# Looking for indonesia fresh and marine fish?



## boenar (Apr 16, 2005)

For sale directory of Indonesian ornamental fish exporter

Content: 
•	38 exporters for marine fish and fresh water fish in Indonesian.
•	Exporter who have License to export CORAL (register in Ministry marine affair and fisheries REPUBLIC OF INDOENSIA)
•	Some have been survey
•	Full address, Contac Person, E-mail, Phone number
•	And other information about Indonesian exporters

The book in PDF format (open with Acrobat Reader) or ZIP file

Price $500
Please contact 

Boenar at [email protected]
Call : +628128811189
*be careful some exporters only sale photo


----------



## fish_doc (Jan 31, 2005)

I hope your not talking $500 USD. That is a little steep for a list of names and numbers.
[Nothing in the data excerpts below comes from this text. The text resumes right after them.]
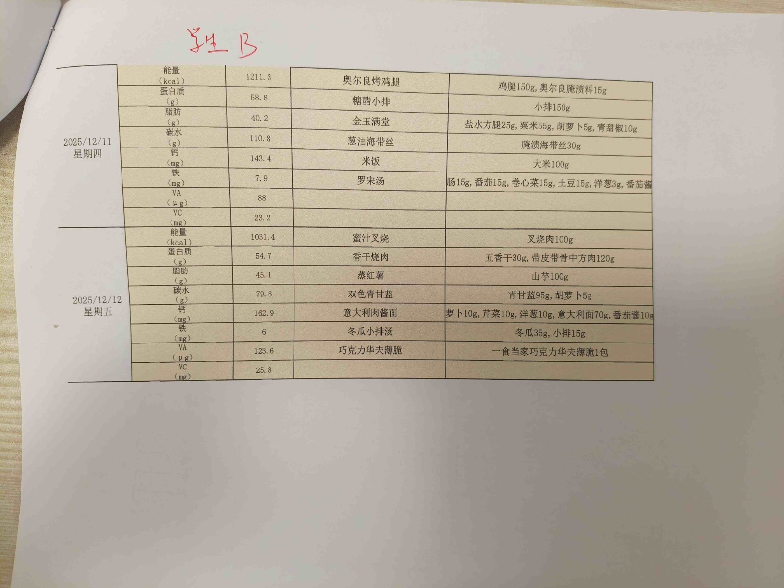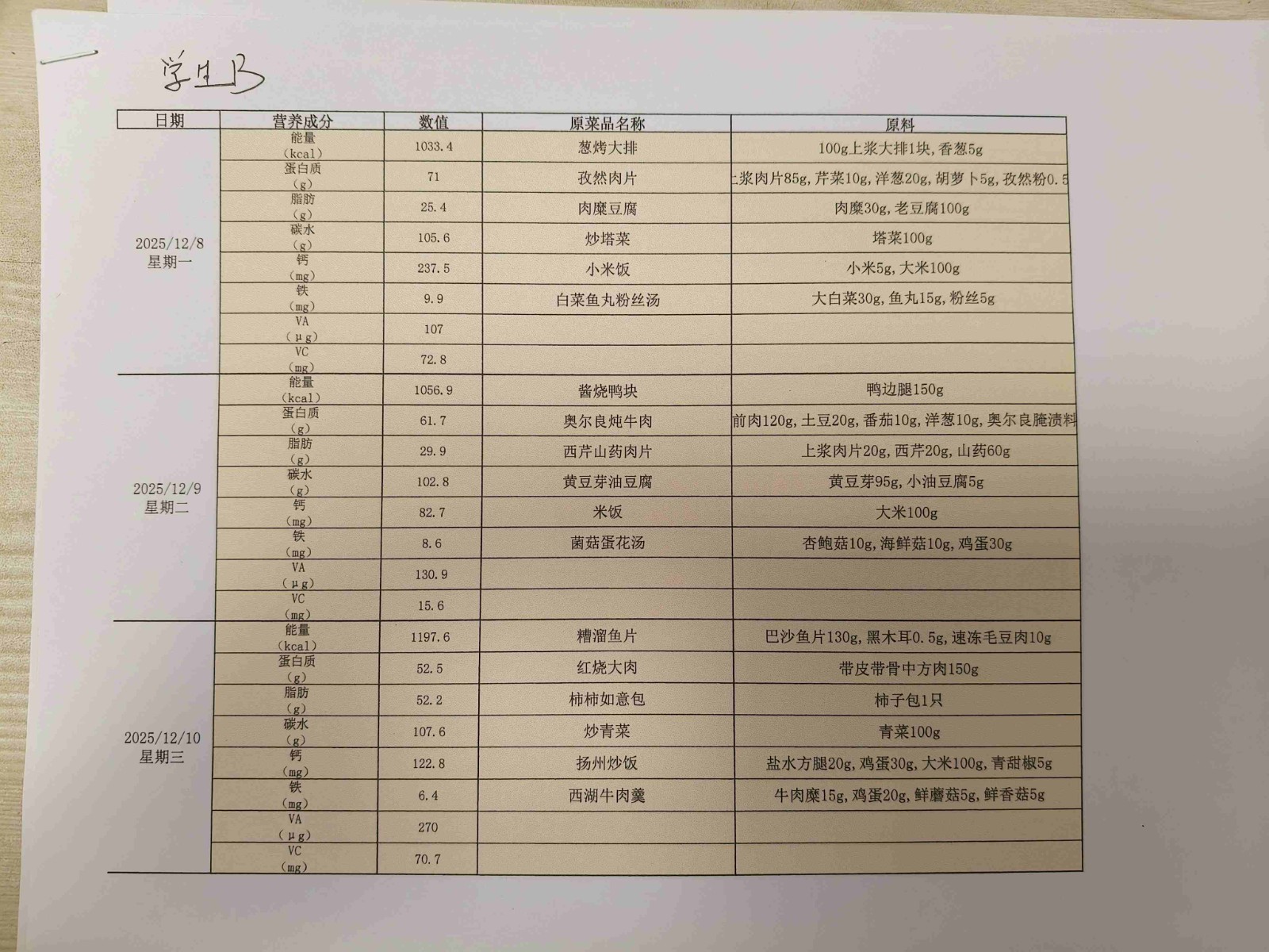 2025学年第一学期第十三、十四周学生菜单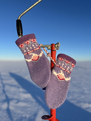 Viddevotten er strikket med vidda i tankene – stillheten i åpne landskap, lave fjell som møter himmelen, og snø som demper lyden rundt deg. Fargene er inspirert av sola som farger vinterlandskapet mykt i pastell, og av nordlyset som stille danser over horisonten. Lilla er en bærende tone i mønsteret og gir vottene et uttrykk av ro, varme og noe litt åndelig.
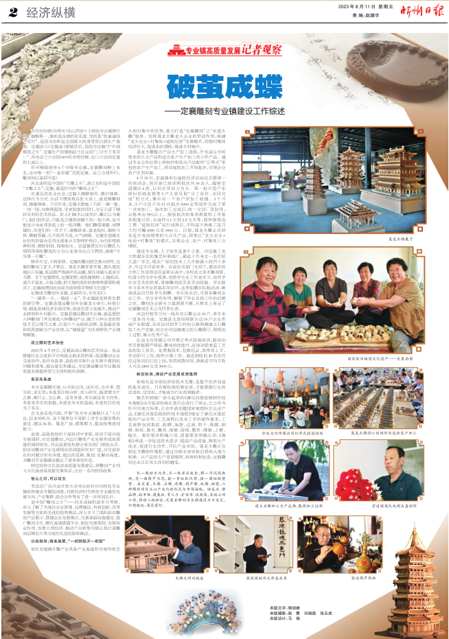 忻州梯級(jí)培育6個(gè)市級(jí)專業(yè)鎮(zhèn),定襄雕刻榜上有名,全市惟一的“一縣雙鎮(zhèn)”花落定襄。法蘭眾望所歸,雕刻何以雀屏中選?

Esp for the quantity of fish people on this board would buy out of it. You need more of a pet shop owner board to advertise on if you are asking that kind of money.


----------



## TheOldSalt (Jan 28, 2005)

1-- Anyone who would actually have any use for this info most likely already has it, and those who don't can certainly get it much cheaper with a little effort.

2-- If this offer were legit, the price would be very cheap. Those listed in any such directory would WANT the info to be easily attained, after all.

3-- Since the tsunami, many of the listings are surely defunct anyway.

This is a rip-off any way you slice it. The offer may actually be for real, but only a sucker would pay that much.


----------